Received-SPF: pass (google.com: domain of linux-ext4-owner@vger.kernel.org designates 23.128.96.18 as permitted sender) client-ip=23.128.96.18;
Date:   Wed, 14 Apr 2021 10:01:13 +1000
From:   Dave Chinner <david@fromorbit.com>
To:     Jan Kara <jack@suse.cz>
Cc:     linux-fsdevel@vger.kernel.org, linux-ext4@vger.kernel.org,
        linux-xfs@vger.kernel.org, Ted Tso <tytso@mit.edu>,
        Christoph Hellwig <hch@infradead.org>,
        Amir Goldstein <amir73il@gmail.com>
Subject: Re: [PATCH 2/7] mm: Protect operations adding pages to page cache
 with i_mapping_lock
Message-ID: <20210414000113.GG63242@dread.disaster.area>
References: <20210413105205.3093-1-jack@suse.cz>
 <20210413112859.32249-2-jack@suse.cz>
MIME-Version: 1.0
Content-Type: text/plain; charset=us-ascii
Content-Disposition: inline
In-Reply-To: <20210413112859.32249-2-jack@suse.cz>
Precedence: bulk

On Tue, Apr 13, 2021 at 01:28:46PM +0200, Jan Kara wrote:
> Currently, serializing operations such as page fault, read, or readahead
> against hole punching is rather difficult. The basic race scheme is
> like:
> 
> fallocate(FALLOC_FL_PUNCH_HOLE)			read / fault / ..
>   truncate_inode_pages_range()
> 						  <create pages in page
> 						   cache here>
>   <update fs block mapping and free blocks>
> 
> Now the problem is in this way read / page fault / readahead can
> instantiate pages in page cache with potentially stale data (if blocks
> get quickly reused). Avoiding this race is not simple - page locks do
> not work because we want to make sure there are *no* pages in given
> range. inode->i_rwsem does not work because page fault happens under
> mmap_sem which ranks below inode->i_rwsem. Also using it for reads makes
> the performance for mixed read-write workloads suffer.
> 
> So create a new rw_semaphore in the inode - i_mapping_sem - that
> protects adding of pages to page cache for page faults / reads /
> readahead.
> 
> Signed-off-by: Jan Kara <jack@suse.cz>
....
> diff --git a/mm/filemap.c b/mm/filemap.c
> index bd7c50e060a9..bc82a7856d3e 100644
> --- a/mm/filemap.c
> +++ b/mm/filemap.c
> @@ -77,7 +77,8 @@
>   *        ->i_pages lock
>   *
>   *  ->i_rwsem
> - *    ->i_mmap_rwsem		(truncate->unmap_mapping_range)
> + *    ->i_mapping_sem		(acquired by fs in truncate path)
> + *      ->i_mmap_rwsem		(truncate->unmap_mapping_range)

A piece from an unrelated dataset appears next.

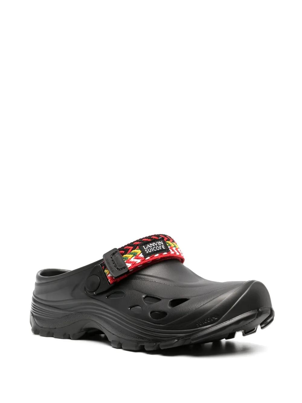 black/multicolour braided band logo patch to the front cut-out detailing round toe slip-on style chunky rubber sole

This is now officially a confusing mess.

We have inode->i_mapping that points to an address space, which has
an internal i_mmap variable and an i_mmap_rwsem that serialises
access to the i_mmap tree.

Now we have a inode->i_mapping_sem (which is actually a rwsem, not a
sem) that sorta serialises additions to the mapping tree
(inode->i_mapping->i_pages) against truncate, but it does not
serialise accesses to the rest of the inode->i_mapping structure
itself despite the similarlities in naming.

Then we have the inode_lock() API and the i_mmap_lock() API that
wrap around the i_rwsem and i_mmap_rwsem, but there's no API for
inode_mapping_lock()...

THen we have the mmap_lock in the page fault path as well, which is
also an rwsem despite the name, and that protects something
completely different to the i_mmap and the i_mapping.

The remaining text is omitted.